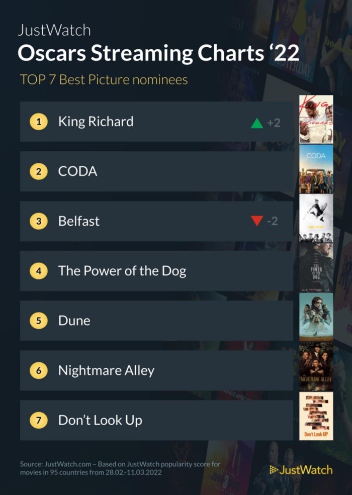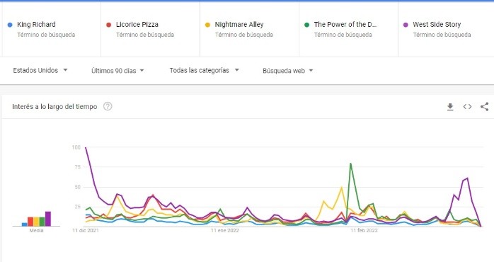 Poco a poco se acerca el gran día de la ceremonia de los Premios Oscar 2022 y la popularidad de algunas películas han incrementado considerablemente desde el anuncio de las nominaciones.Este interés por parte del público podría dar algunas pistas de cuál sería la película que se lleve el mayor premio a la Mejor Película. De acuerdo con datos de Just Watch, la película “King Richard” —protagonizada por Will Smith— lidera la popularidad en las transmisiones por streaming. En comparación con la semana pasada, “Belfast” disminuyó su popularidad hasta el tercer lugar; mientras que “CODA” —con Eugenio Derbez— se mantuvo en la segunda posición.El resto de la lista lo completan “El Poder del Perro”, “Dune”, “El Callejón de las Almas Perdidas” y “No miren arriba”.En INFORMADOR.MX consultamos los datos de Google Trends, herramienta de la compañía estadounidense que mide las búsquedas de sus usuarios en el buscador en tiempo real, hasta este día, son las películas “Don´t Look Up” y “the Power of the dog” las que se mantienen como la más populares en Estados Unidos. Incluso, la recién estrenada en Disney+ “West Side Story” podría sorprender.Para los mexicanos, se trata de “CODA” la que se ha colocado como la favorita entre los cinéfilos, por encima de “El Callejón de las Almas Perdidas” y “El Poder del Perro”.La ceremonia de los Premios Oscar se llevará a cabo el próximo domingo 27 de marzo.AC
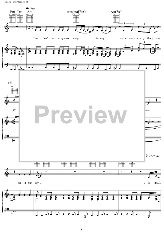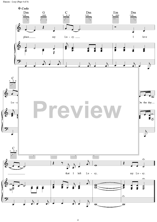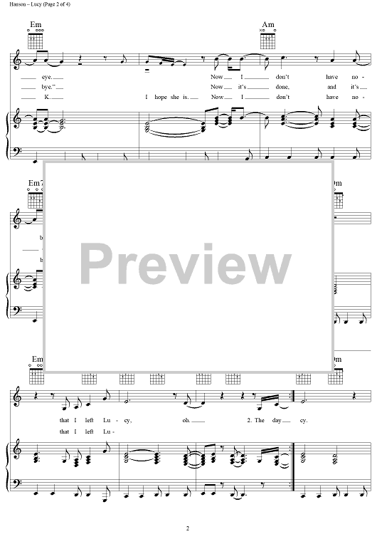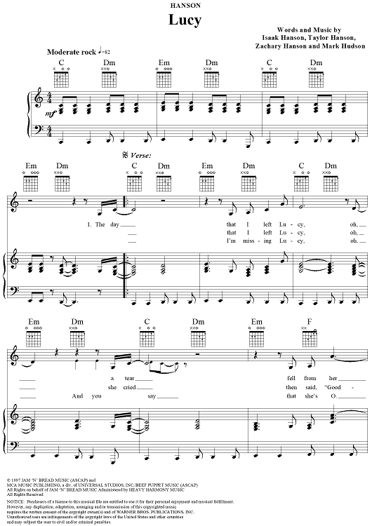 Digital Sheet Music for Lucy by Isaac Hanson, Taylor Hanson, Zac Hanson, Mark Hudson, Hanson scored for Piano/Vocal/Chords; id:111555
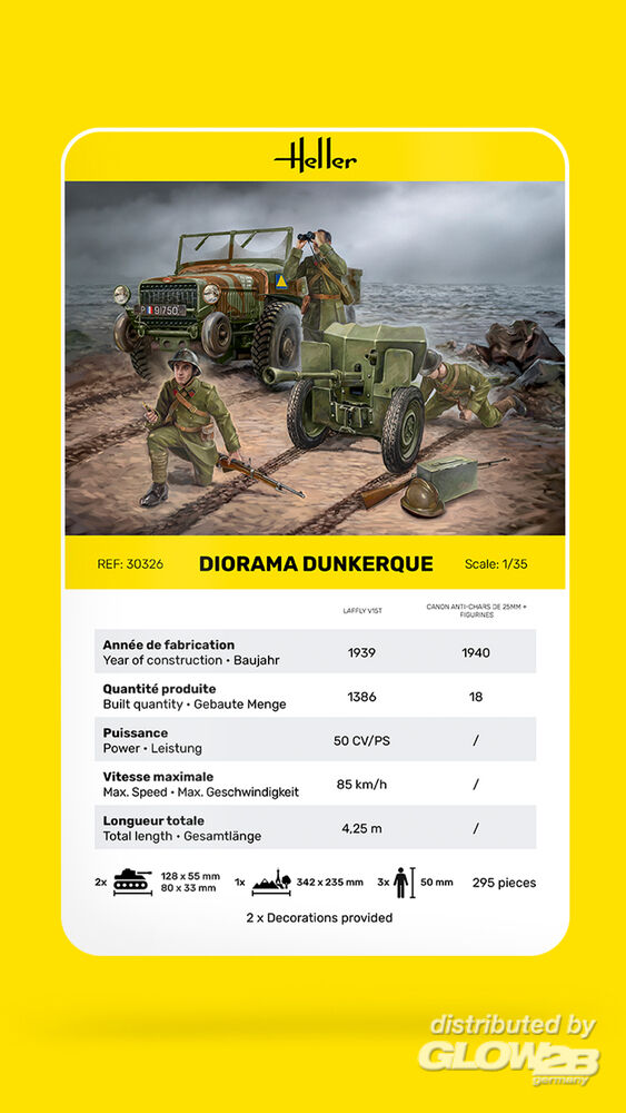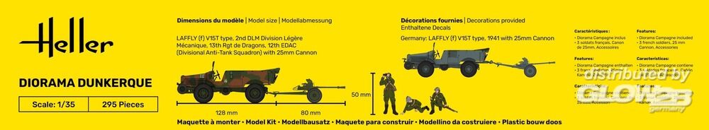 Die Schlacht von Dünkirchen ereignete sich im Mai und Juni 1940 im Zuge des Westfeldzugs während des Zweiten Weltkrieges. Die nordfranzösische Stadt Dünkirchen war der letzte Evakuierungshafen der Britischen Truppen, die 1939/1940 in Frankreich als Teil der zunächst defensiven Strategie der Westalliierten eingesetzt worden war. Der Laffly V15T war ein geländegängiges Fahrzeug mit Allradantrieb (4×4), das von 1938 bis 1940 in Frankreich hergestellt wurde, um leichte Artillerie zu ziehen und als Aufklärungs- und Verbindungsfahrzeug zu dienen. Er wurde ab 1937 von Laffly aufgrund der Ausschreibung des französischen Heeres entwickelt. Während des Zweiten Weltkriegs setzte die Wehrmacht zahlreiche erbeutete Militärfahrzeuge ein. Dazu gehörte auch der französische Laffly V15T, der häufig mit der aus Frankreich stammenden 25 mm Panzerabwehrkanone ausgerüstet war.
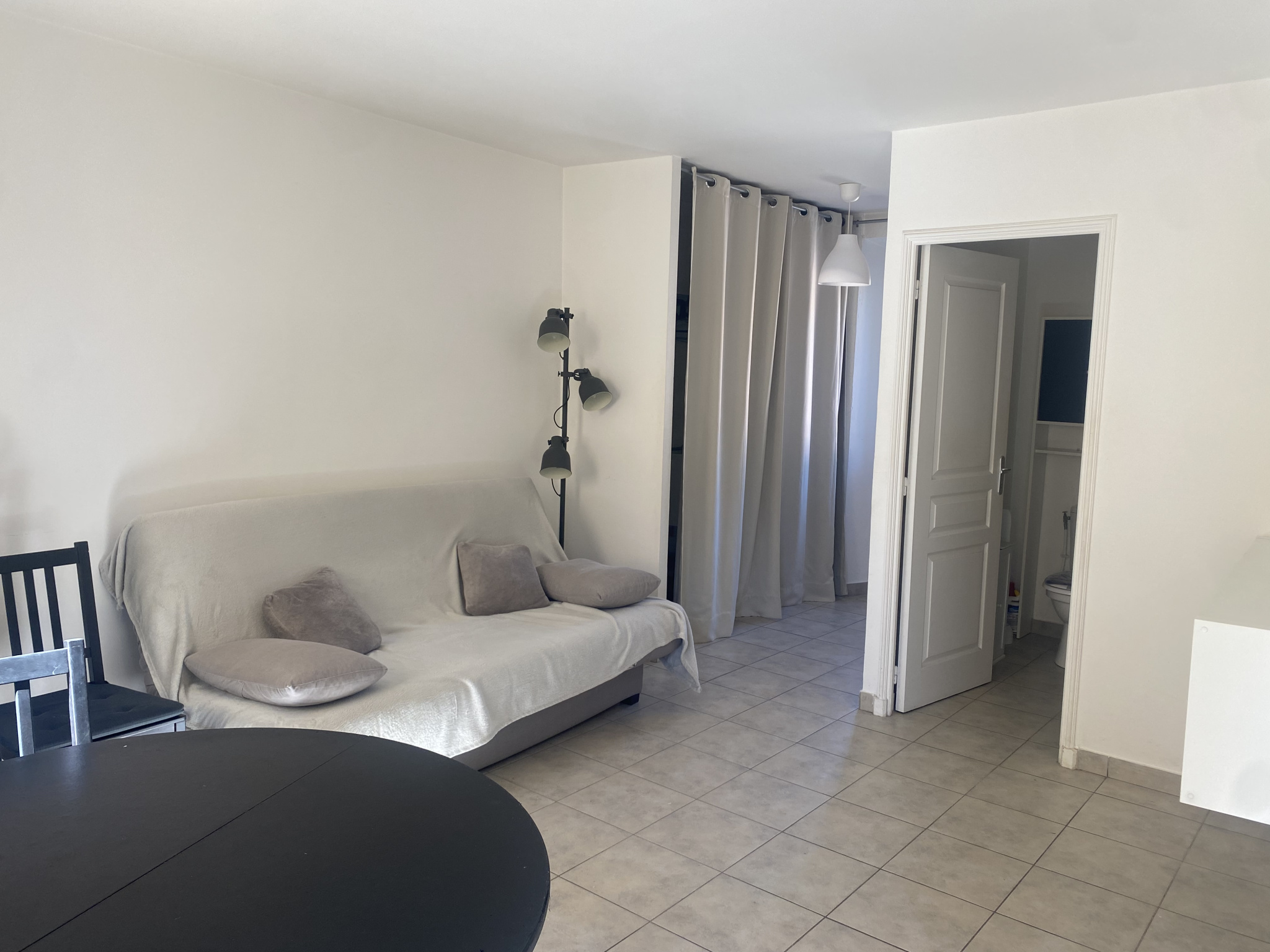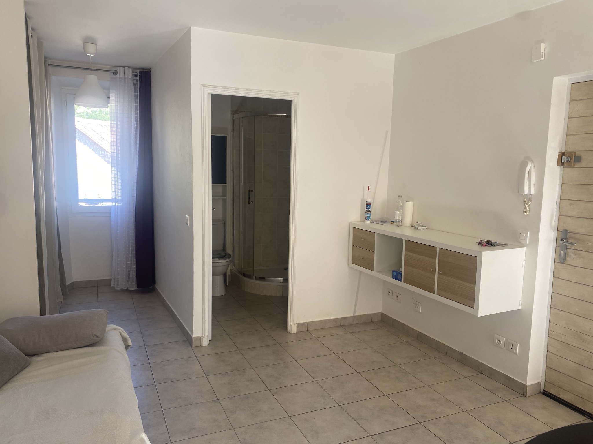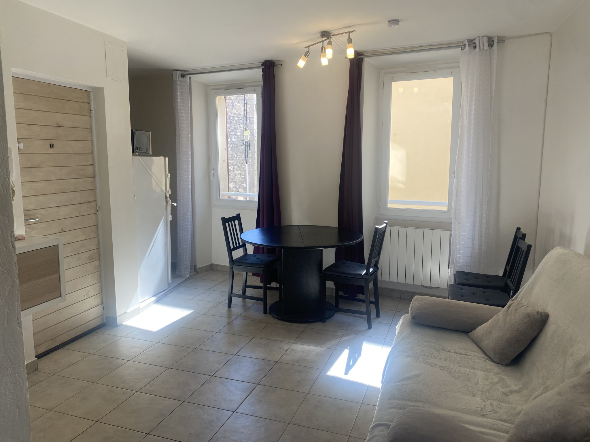 Au coeur du village, Très Joli Studio meublé : Entrée, Salon, coin cuisine équipé, salle d'eau avec Wc, Dressing
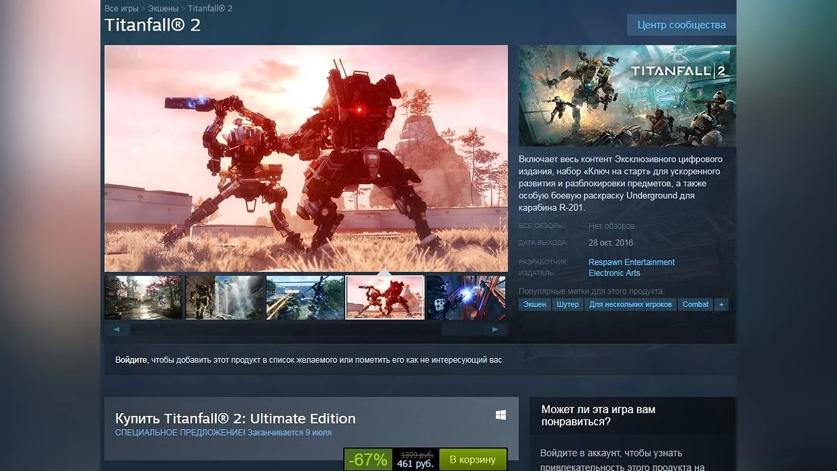 Теперь поиграем — в Steam со скидкой 50% вышли Titanfall 2, The Sims 4 и другие хиты EA
________________________________________
▸ **YOUR INSTRUCTIONS**: With the pictures excluded, retype exactly the lines from the one containing "Au coeur du" through the last line of the listing, both ends included.

▸ **RESULT OF THIS EXERCISE**:
 Au coeur du village, Très Joli Studio meublé : Entrée, Salon, coin cuisine équipé, salle d'eau avec Wc, Dressing
 Теперь поиграем — в Steam со скидкой 50% вышли Titanfall 2, The Sims 4 и другие хиты EA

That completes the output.